Взошли на крыльцо. Долго звонили. Наконец вышла женщина – итальянка, очевидно прислуга. Я передал визитную карточку. Тут же появился сам Горький. Он был в шерстяной фуфайке и валенках. Стоял март. Большой каменный дом не отапливался.
Алексей Максимович радушно приветствовал нас:
– Страшно рад, страшно рад! Сейчас устраивайтесь – тут напротив вполне сносный отель, зовется «Минерва», а в двенадцать ждем вас к обеду, тогда и представлю моим домочадцам.
За обеденным столом собралась вся семья: Алексей Максимович, Екатерина Павловна, приехавшая из Москвы навестить сына Максима и внучат; порывистый молодой человек с голубыми глазами – Максим Алексеевич, его жена Надежда Алексеевна, секретарь Горького – баронесса Бутберr.
Мы наперебой расспрашивали Екатерину Павловну: как там в Москве? Разговор дружеский. Выпили по рюмочке, закусили маринованными грибками (московский гостинец Екатерины Павловны). Новости были различными: и хорошими, и печальными. Вспоминали, и не раз, о гибели Есенина. Алексей Максимович любил и высоко ценил его поэзию. Для меня Сережа Есенин был незабвенным другом. Надо ли говорить, какое тягостное чувство пробудила страшная весть о смерти поэта. Почтили светлое имя поэта минутой молчания.
Вспомнили общих знакомых по Москве и Ленинграду. Потом мы рассказали Горькому, как живет «город желтого дьявола», коснулись наших первых итальянских впечатлений.
– А цель моя, между прочим, – вылепить бюст Алексея Максимовича, – видя, что разговор идет к концу, объявил я.
– Тут многие с этим приезжали, но я не хотел, а вам с удовольствием буду позировать, – поддержал меня писатель.
В восемь утра Горький за рабочим столом. Мы встретились в десять. Позировал он хорошо, умело.
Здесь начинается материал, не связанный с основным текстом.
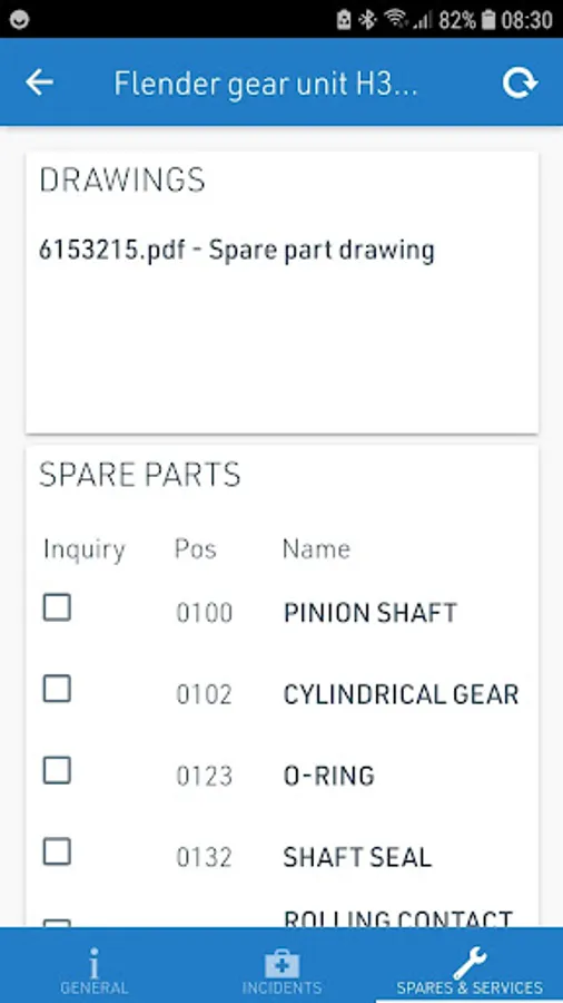 With the DX Assist App you can register Flender gear units and Flender couplings in the App, assign these gear units to their mounting place and view gear unit and coupling specific spare parts lists. You can select spare parts and ask for an offer.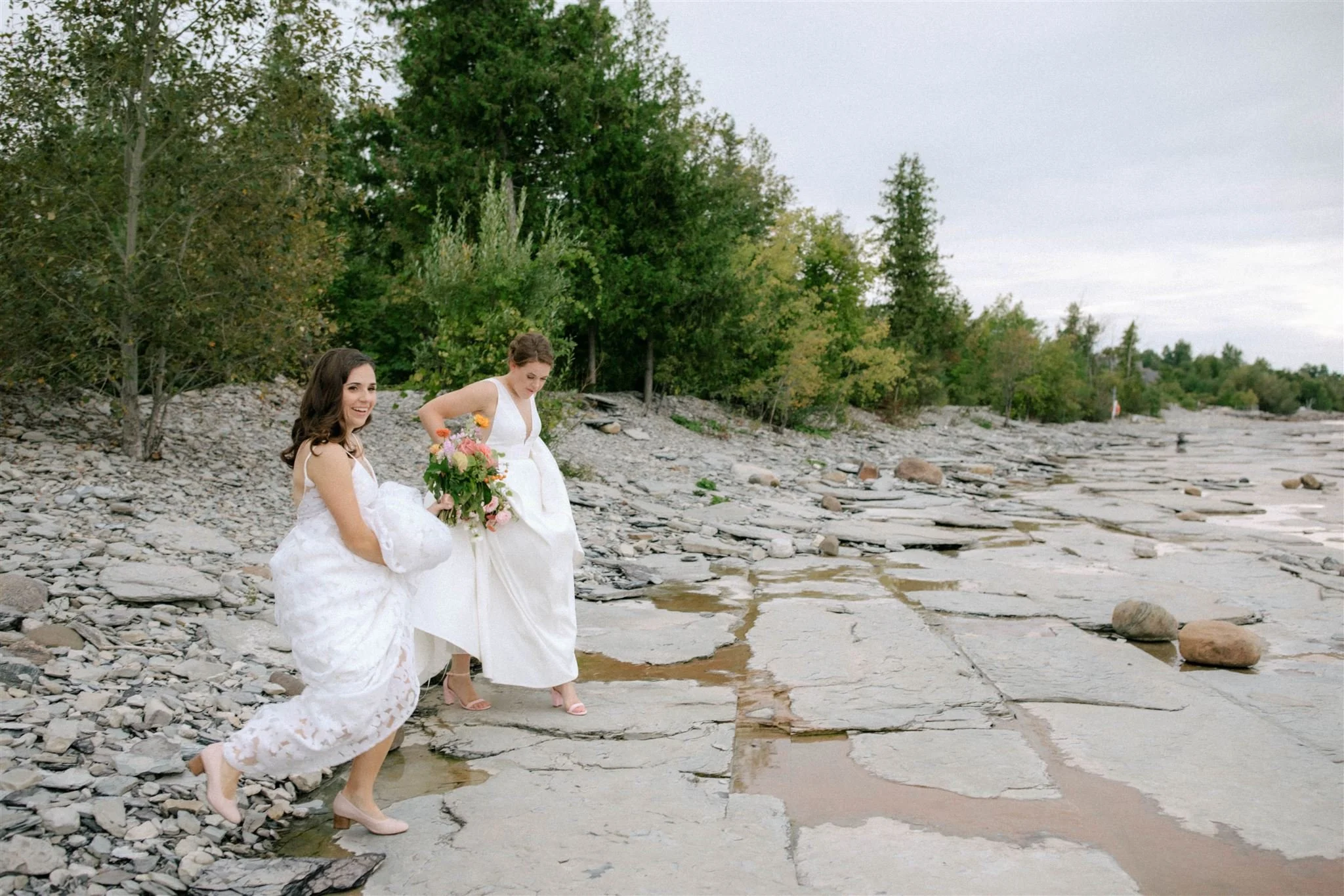 Everyone clambered onto the bus that took them to Georgian Peaks Ski Club. The place was beautifully decorated with floral arrangements by Ashley Elaine Florals. They had their wedding ceremony outside at the base of the slopes and were married by one of their closest friends. After saying their vows in front of their loved ones, they shared a champagne toast. We dashed across the road to Delphi Point for a few couple’s portraits at golden hour. Then everyone celebrated together at Georgian Peaks with delicious food catered by Men With Knives and an elegant three-tier cake made by Heather’s Aunt Karen. It wasn’t long before the shotski came out and an epic dance party ensued. It was such an honour to be part of Heather and Alyssa’s much anticipated wedding. Below are some of my favourite moments from the day.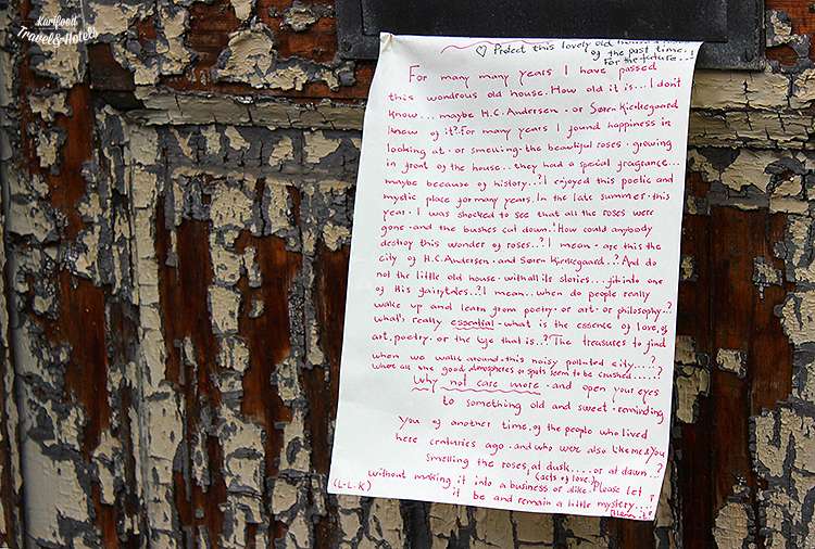 В доме номер 20 писатель сочинил «Принцессу на горошине» и «Огниво», квартировался Андерсен также и в доме номер 67, а покинул сей мир, лёжа в кровати дома номер 18.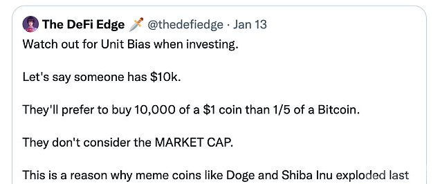 他们看到某个 meme 币的价格为 0.000000002 美元,并认为一旦它达到一美元,他们就会实现一个小目标。但当你了解代币的市值就会发现这是不可能实现的。meme 币的价格达到 1 美元意味着它比世界上所有的货币供应量都大。
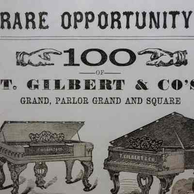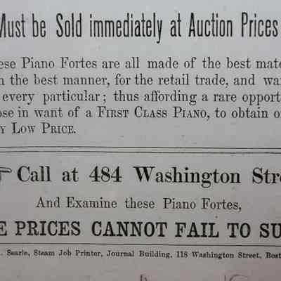 FR BROADSIDE, BOSTON, MA. RARE OPPORTUNITY! 100 OF T. GILBERT & CO'S GRAND, PARLOR GRAND AND SQUARE PIANO FORTES MUST BE SOLD IMMEDIATELY AT AUCTION PRICES. 12" X 24"Created By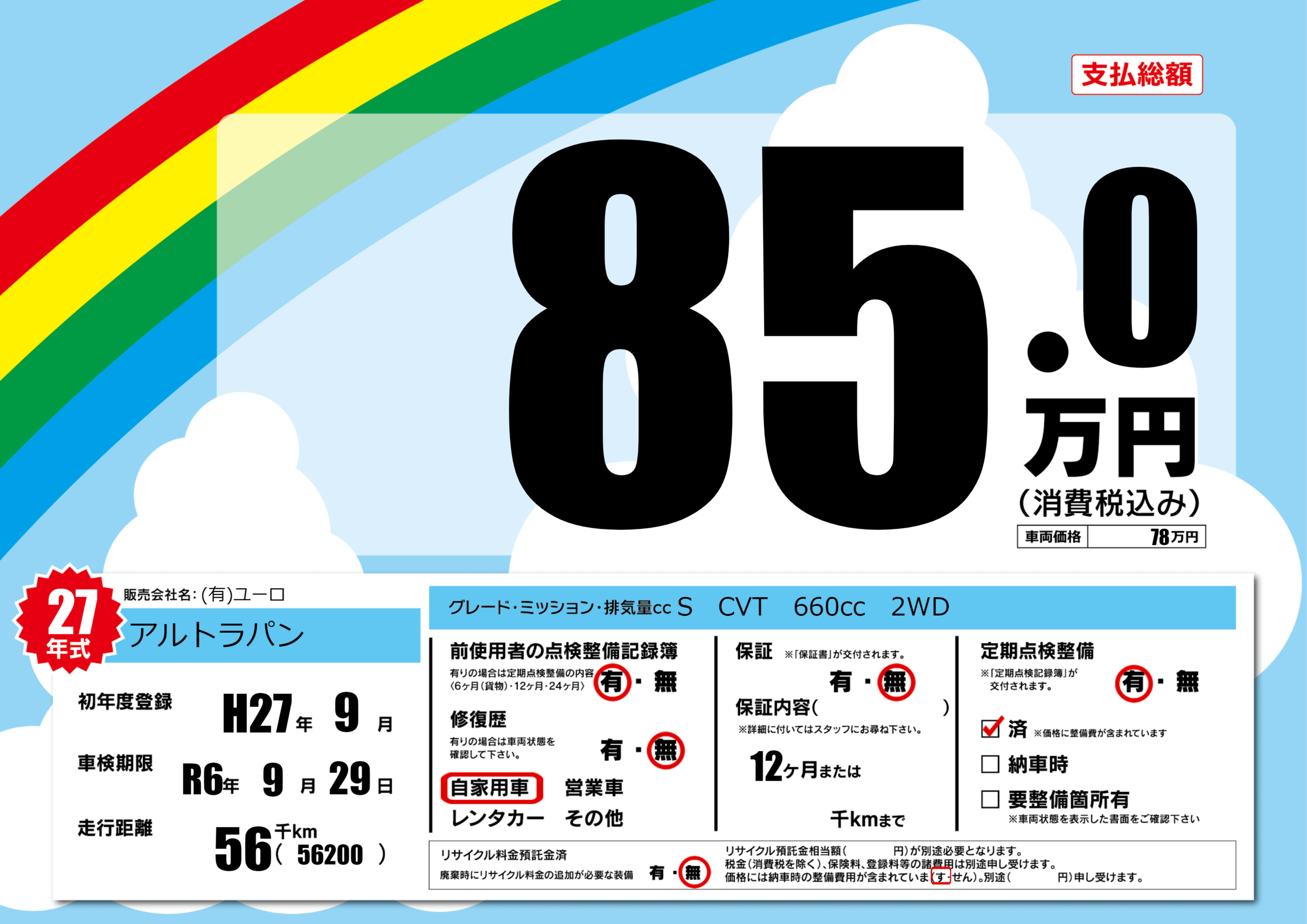 | 定期点検整備 | 定期点検整備あり 定期点検整備済み | ||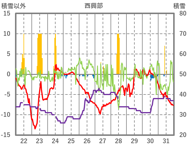 | 日 | 時 | 気温 | 降水 | 風向/風速 | 日照 | 積雪 | 降雪 |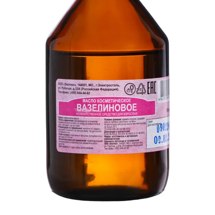 Масло косметическое вазелиновое Экотекс смягчает огрубевшие участки кожи, глубоко увлажняет, способствует росту ресниц и бровей, подходит для ухода за секущимися кончиками волос.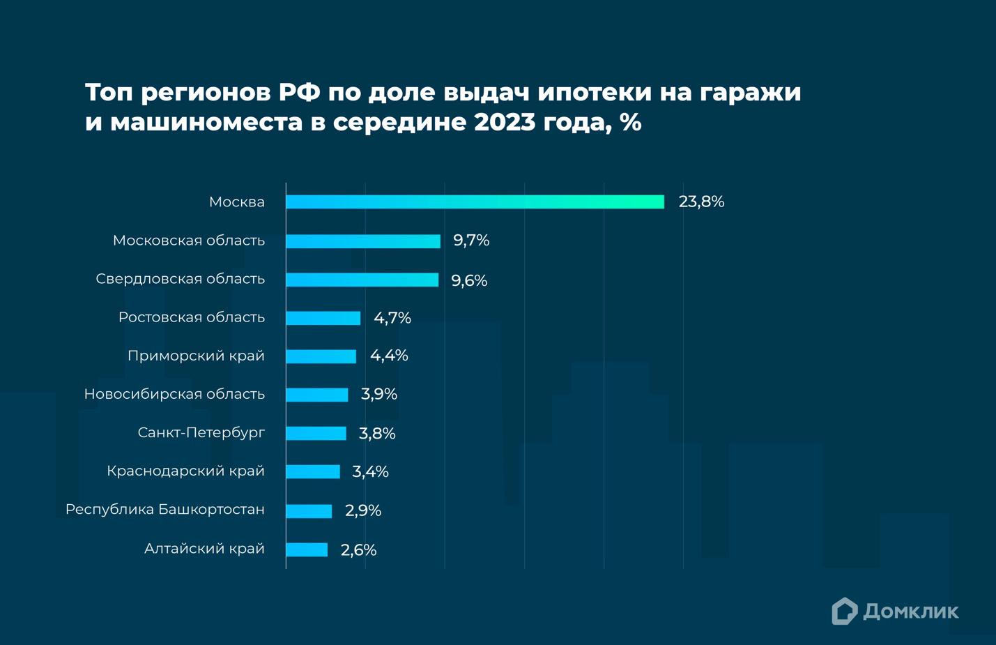 Аналитический центр Домклик Сбербанка изучил ипотечные сделки по приобретению гаражей и машино-мест и подготовил рейтинг субъектов РФ с наибольшим количеством выдач в 2023 году.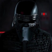 The image features a character from the Star Wars franchise. He is wearing a helmet that has become iconic to this character, known as Kylo Ren. His expression seems contemplative or serious.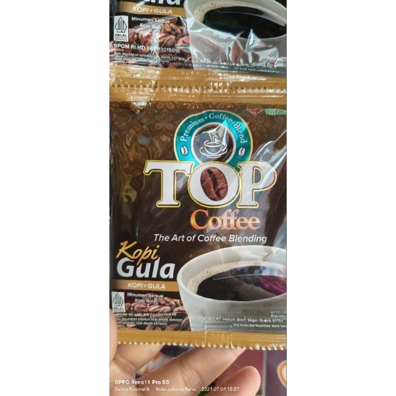 Top Coffee kopi merupakan kopi instan yang akan menambah kehangatan disetiap momen istimewa dengan sensasi rasanya yang khas dan melimpah. campuran unik antara kekuatan rasa dan aroma kopi kualitas terbaik dengan susu yang lembut gurih.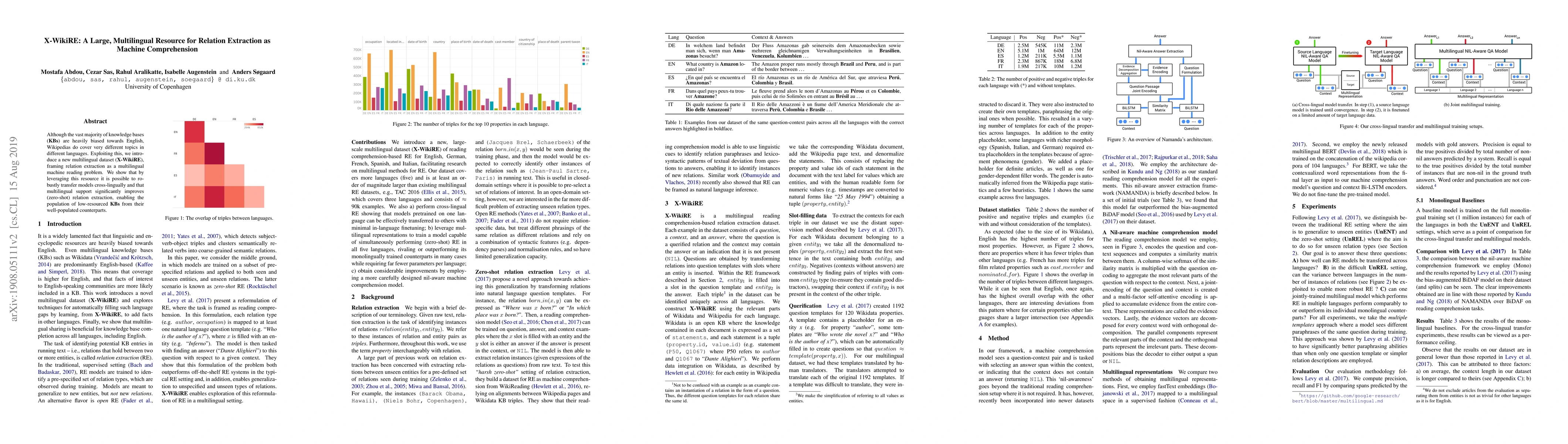 Summary: X-WikiRE is a multilingual dataset designed to frame relation extraction as a machine comprehension task across different languages, demonstrating improved cross-lingual model transfer and zero-shot relation extraction, thus aiding the population of low-resourced knowledge bases.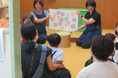 お楽しみ抽選会の前に、大型絵本「ぜったいにおしちゃだめ?」やパネルシアター「おおきなだいこん」の読み聞かせをしました。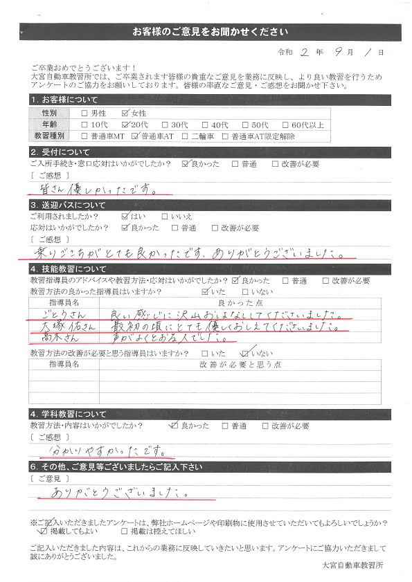 卒業生の声2020年9月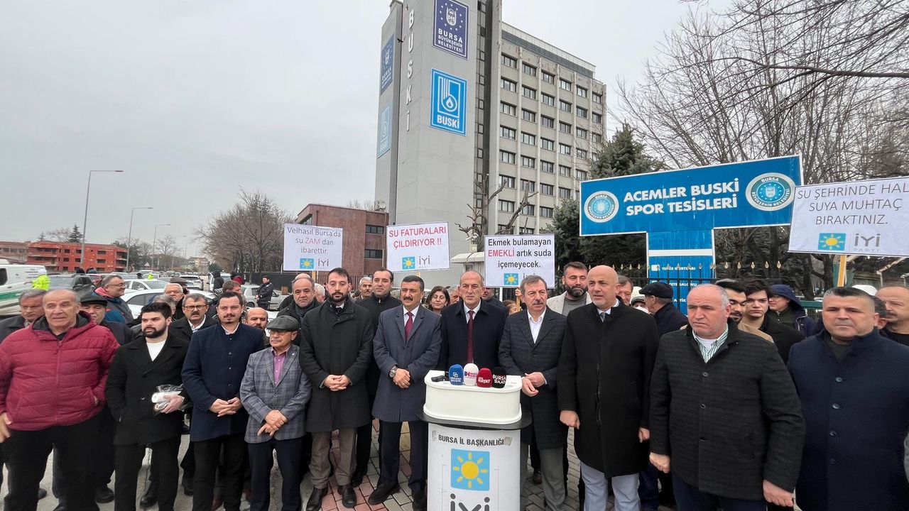 İYİ Parti Bursa İl Başkanlığı, BUSKİ Genel Müdürlüğü önünde, Bursa Büyükşehir Belediyesi tarafından uygulamaya konulan su zamlarına yönelik sert bir basın açıklaması yaptı. Açıklamada, artan hayat pahalılığı, yüksek kiralar ve faturalar altında ezilen Bursalıların temel bir ihtiyaç olan suya yapılan zamlarla daha da zor duruma düşürüldüğü ifade edildi.
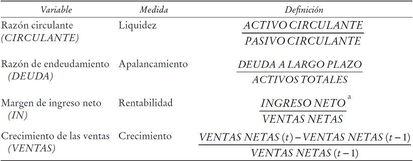 La ecuación (3) se construye bajo el supuesto de que el pago de dividendos se relaciona con la magnitud de los fondos internos de las empresas y, por tanto, con las medidas relacionadas con la solvencia financiera de las mismas, como son las tasas de liquidez, rentabilidad, endeudamiento o crecimiento (Cleary, 1999). El Cuadro 3 ofrece una descripción más detallada de estas variables.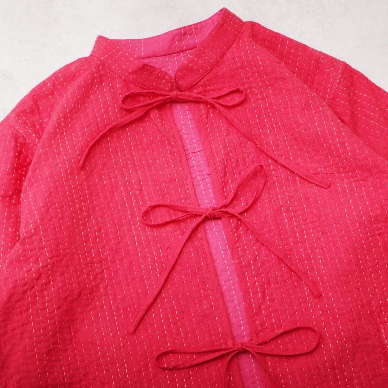 ブッダガヤ 刺し子 リボンジャケット(パッションピンク)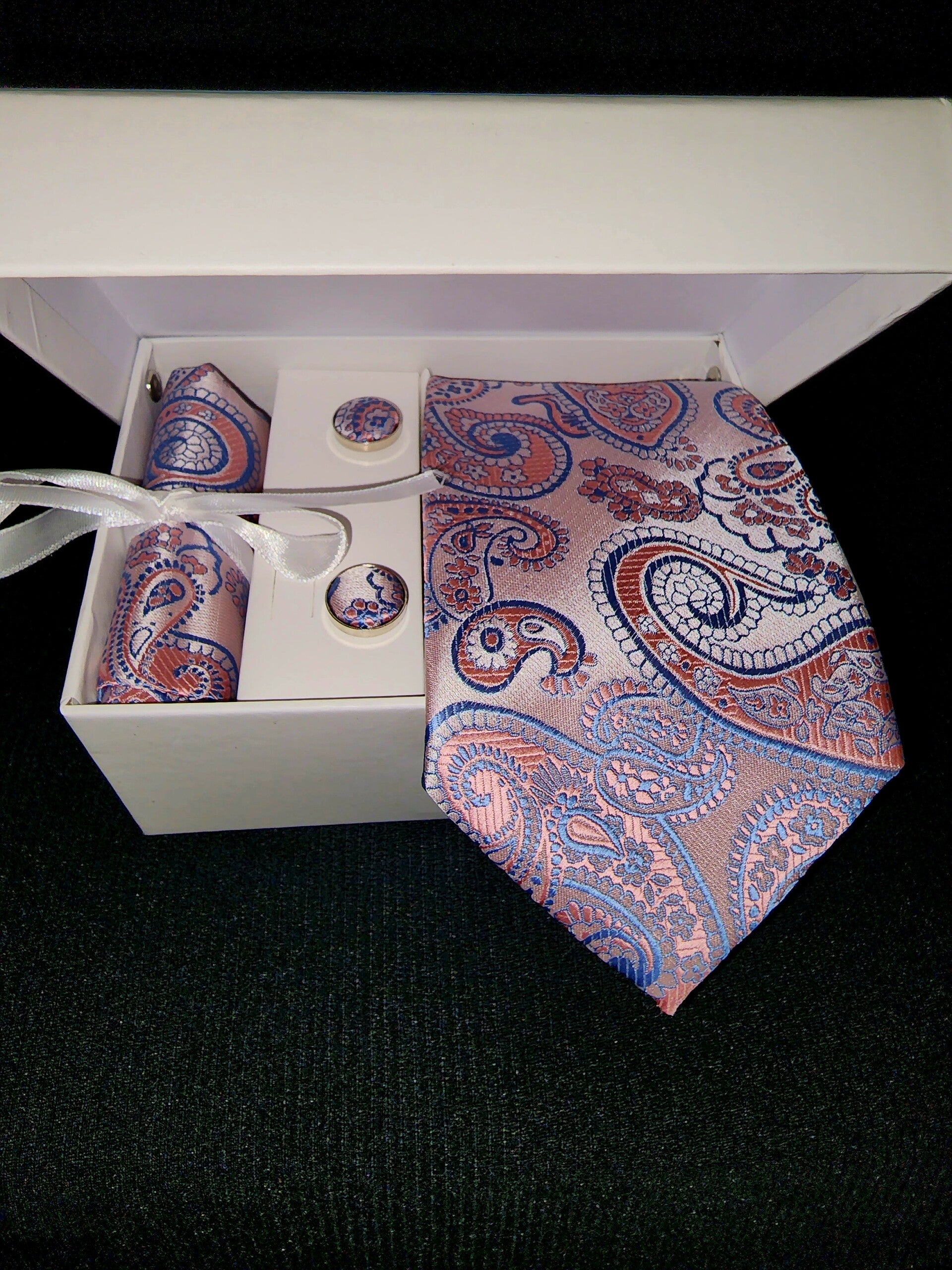 100% silk paisley necktie handkerchief cufflinks set.

Стоя у конторки, Алексей Максимович разбирал почту, тут же отвечал на письма.
В ответ на мое замечание о бедности здешних тружеников-итальянцев Горький строго заметил:
– Труд у них тяжелый: всюду камни да скалы. Трудятся в поте лица. Не как у нас в России – там, бывает, работают с прохладцей. Здешним обрабатывать приходится каждую пядь земли. Вот и машет крестьянин мотыгой с утра до вечера.
Алексей Максимович говорит, и в глазах его блестят слезы.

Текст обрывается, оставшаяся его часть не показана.